Thursday, May 5, 2016

Ceramics: Beyond the Basics

Today I want to talk about ceramics a little more in depth than the basic step by step instructions I gave in the very first post on this blog. I studied under 2 master potters, and while I don't consider myself a master, I am quite capable of making anything within the two limiters of my imagination and the laws of physics. There is a major difference between me and the people I studied under. One of them was trained in Europe, the other in China. But I've always had a stylistic approach which differs from the perfect lines and perfect glazes they used. I'm inspired mostly by primitive pottery and the work of Kanzaki Shiho. My pottery has a wabisabi aesthetic.  Beauty from imperfection. It's not that I can't make it perfect. But rarity is also beautiful, and you can buy perfect pottery made in a factory these days. The imperfections make it rare as they are the tell-tale signs that it was made by hand. I'm not saying to make mistakes that would reduce its usability, I'm saying to deliberately make it unusual.

There are ways to have a stone-like broken appearance on just the outside: by applying slip containing crushed roasted shells.

There are ways to make ashes build up in certain places and make a dappled glaze: by mixing wood ashes and slip 1:1 and applying it, then dusting it while wet with dry ashes.

If you lean wood shavings up against an unglazed pot in the kiln, it will darken that area, and the edges of the dark area will have a wide range of colors.

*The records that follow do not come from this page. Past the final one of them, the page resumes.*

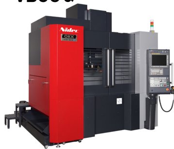
立形マシニングセンタ VB53α
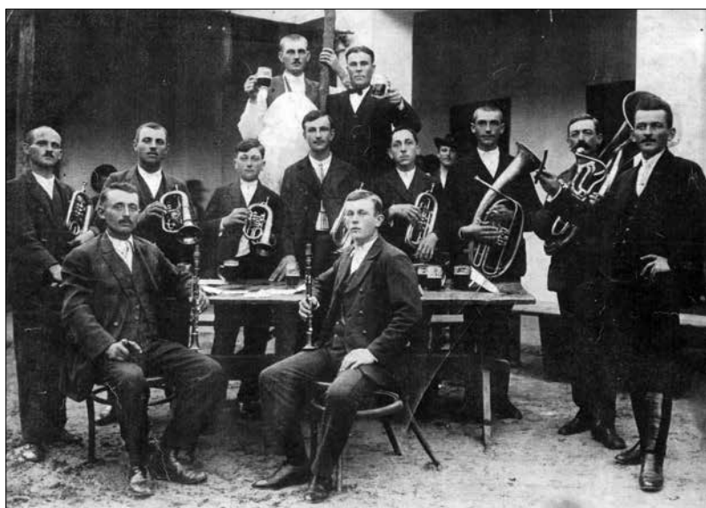
A híres Bimüller zenekar
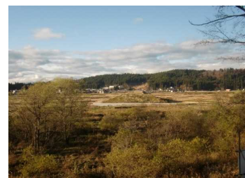
荒屋地区(湯沢方向)
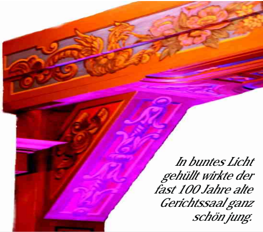
In buntes Licht gehüllt wirkte der fast 100 Jahre alte Gerichtssaal ganz schön jung.
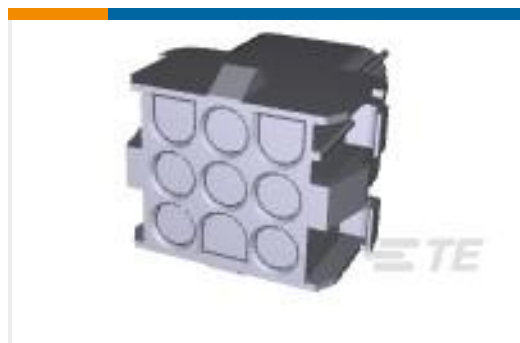
TE 产品编号927231-3 HONHUS UMNL V0 9-P
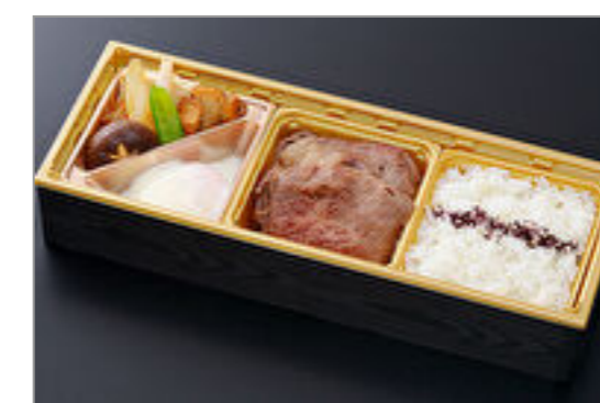
国産牛すき焼き弁当
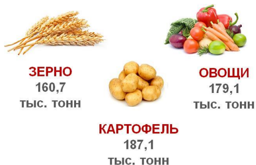
Валовые сборы в 2020 году
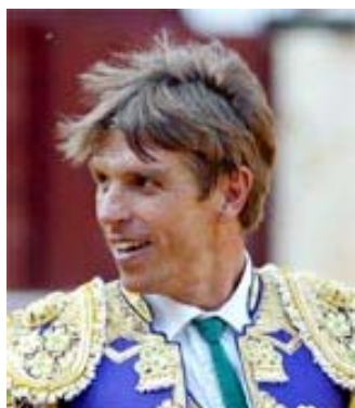
Rosa o blanco y oro
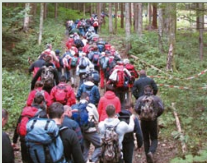
Kolona pohodnikov se vije proti Kamenemu zidu.

Tako kot vsako leto sta tudi letos OZVVS Kočevje in Planinsko društvo Kočevje pripravila zdaj že tradicionalni pohod na Goteniški Snežnik (1290 m). Pohod organizirata v spomin na javno postrojitev pripadnikov kasnejše 1. specialne brigade MORiS v Kočevski Reki 17. decembra 1990.
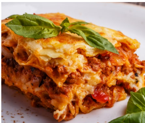
LASAGNA EMILIANA Traditional lasagna Cod: 0053204
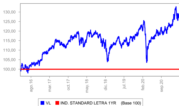
Evolución del valor liquidativo últimos 5 años
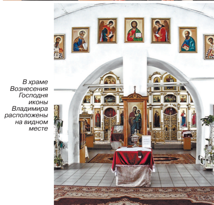
В храме Вознесения Господня иконы Владимира расположены на видном месте

There is also making agateware. Agateware, as the name implies, looks like agate stone. It has random patterns in the surface. You make it by mixing 2 colors of clay together, and making your pottery, then at leather hard you trim the outer layer off to show the pattern.
This bowl is one of my works in the agateware medium. It is not neat and orderly. It is random. Funny story about agateware, I actually developed it independently without fore-knowledge of it. After I made a few things out of it, my teacher pulled me aside and showed me a book with the same thing. I was shocked. I had actually gone a month thinking that I was the first person to do it. I had been calling it grand canyon ware because the multi-colored rock layers were my inspiration. We all had a good laugh about it. This probably happens every time artists of the same medium are inspired by the same thing.



1 comment:

  1. I forgot one thing that I learned recently. If you carve a pot when it is leather hard, brush over it with different iron content slip, wait for it to become less wet, scrape off the extra so the slip is flush with the rest of the pot, then give it a clear or semi-clear iron reactive glaze (celadon for example), the color variation will appear in the glaze.